Different PTR feature extraction and model diagnostic performance
From the PTRs at 5 voxels, 10 voxels, and 20 voxels, 512 DTL features were extracted, and after LASSO selection, 42 non-zero radiomics features were obtained. Among the five machine learning models, the naive Bayes model based on features from the 10-voxel PTR performed best, with AUCs of 0.907 (95% CI: 0.853–0.961) the internal validation set and 0.891 (95% CI: 0.836–0.946) in the external validation set. Its accuracy, sensitivity, specificity, precision, and F1 score in the internal validation set were 0.848, 0.922, 0.770, 0.808, and 0.861, respectively; in the external validation set, they were 0.856, 0.791, 0.917, 0.898, and 0.841, respectively (Table 3, Figure 3).
Combined intratumoral and peritumoral model diagnostic performance
From the intratumoral and 10-voxel PTRs, 1,024 DTL features were extracted, and after LASSO selection, 39 non-zero radiomics features were obtained. A naive Bayes model was constructed for diagnosis, achieving an AUC of 0.909 (95% CI: 0.860–0.958, Figure 4A) in the internal validation set and 0.910 (95% CI: 0.862–0.959, Figure 4B) in the external validation set. Its accuracy, sensitivity, specificity, precision, and F1 score in the internal validation set were 0.824, 0.734, 0.918, 0.904, and 0.810, respectively; in the external validation set, they were 0.863, 0.881, 0.847, 0.843, and 0.861, respectively. These results indicate that the combined intratumoral and peritumoral feature model outperformed models using only intratumoral or peritumoral features in both the training and validation sets (Table 3, Figure 3).

Ultrasound physician diagnostic performance
In differentiating between benign and malignant breast nodules, the diagnostic performance of clinical ultrasound physicians was as follows: an AUC of 0.722 (95% CI: 0.643–0.800) in the internal validation set and 0.745 (95% CI: 0.673–0.816) in the external validation set. In the internal validation set, their accuracy, sensitivity, specificity, precision, and F1 score were 0.720, 0.656, 0.787, 0.764, and 0.706, respectively; in the external validation set, they were 0.748, 0.642, 0.847, 0.796, and 0.711, respectively (Table 4).
Table 4
Cohort | Accuracy | AUC (95% CI) | Sensitivity | Specificity | PPV | NPV | Precision | Recall | F1 | Threshold |
---|---|---|---|---|---|---|---|---|---|---|
Internal validation | ||||||||||
AI | 0.824 | 0.909 (0.860–0.958) | 0.797 | 0.852 | 0.850 | 0.800 | 0.850 | 0.797 | 0.823 | 0.971 |
Physician | 0.720 | 0.722 (0.643–0.800) | 0.656 | 0.787 | 0.764 | 0.686 | 0.764 | 0.656 | 0.706 | 1.000 |
External validation | ||||||||||
AI | 0.849 | 0.910 (0.862–0.959) | 0.836 | 0.861 | 0.848 | 0.849 | 0.848 | 0.836 | 0.842 | 0.091 |
Physician | 0.748 | 0.745 (0.673–0.816) | 0.642 | 0.847 | 0.796 | 0.718 | 0.796 | 0.642 | 0.711 | 1.000 |
AI, artificial intelligence; AUC, area under the curve; CI, confidence interval; NPV, negative predictive value; PPV, positive predictive value.
Overall, the combined intratumoral and peritumoral feature model outperformed models using only intratumoral or peritumoral features in terms of AUC, accuracy, sensitivity, and specificity.

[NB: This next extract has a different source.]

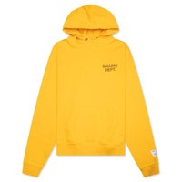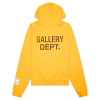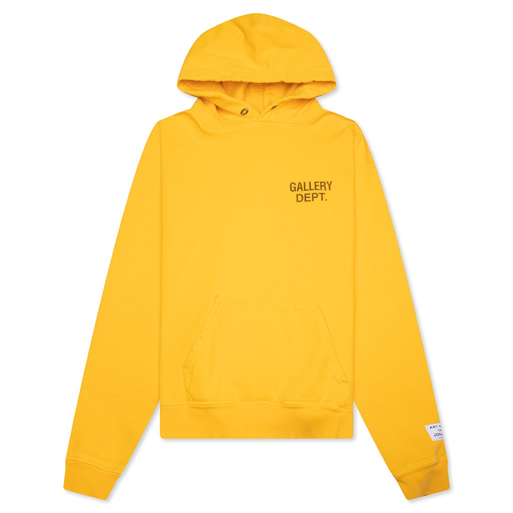 Gallery Dept. The 90's GD Logo Hoodie delivers a bold take on everyday wear. Crafted from 100% loopback cotton-jersey, it offers a soft feel with a durable structure. The oversized fit creates a relaxed silhouette, while the GD ENGLISH logo is printed on the front and back for a signature look. A classic front pocket adds function, and the brand’s 'art on display' patch at the cuff completes the design. Made in the USA. GDLH 50025 GOLD - 100% Cotton - Oversized fit - GD English logotype - Kangaroo pocket - Attached hood - Applique patch - Ribbed trims - Style No: GDLH-50025-GOLD

Compared to the diagnostic results of ultrasound physicians, the deep learning models demonstrated superior diagnostic efficiency (Figure 4).
Decision curve analysis (DCA)
DCA results indicated that the deep learning models had greater decision-making benefits than clinical physician diagnoses (Figure 4). Across different threshold probabilities, whether using intratumoral features, peritumoral features, or combined features, the naive Bayes models consistently yielded higher net benefits than the “all-treat” or “no-treat” strategies. Particularly within lower threshold ranges, all models exhibited significant net benefit improvements, suggesting that in actual clinical applications, these models can more effectively assist physicians in making rational treatment decisions, thereby reducing the risks of overdiagnosis and missed diagnoses.
Discussion
With the gradual increase in public awareness of health management and the widespread application of high-resolution ultrasound, the detection rate of breast nodules has risen annually (19). Consequently, the number of BI-RADS 3–4 category breast nodules has also increased, and there has been ongoing debate regarding their diagnostic and treatment strategies (20). Therefore, there is an urgent need for methods that can enhance the performance of differentiating benign and malignant BI-RADS 3–4 breast nodules. The study by Raza et al. (21) demonstrated that age is a significant clinical factor in predicting malignant breast tumors. Previous research has suggested that the ACR BI-RADS classification is an important factor in assessing the malignancy risk of breast nodules (22). However, its overall accuracy and benign detection rate are relatively low, potentially leading to overtreatment (23). Additionally, the diagnostic performance of ultrasound physicians largely depends on personal experience, highlighting the necessity for more stable and objective diagnostic methods to accurately differentiate the benignity and malignancy of ACR BI-RADS 4 category nodules.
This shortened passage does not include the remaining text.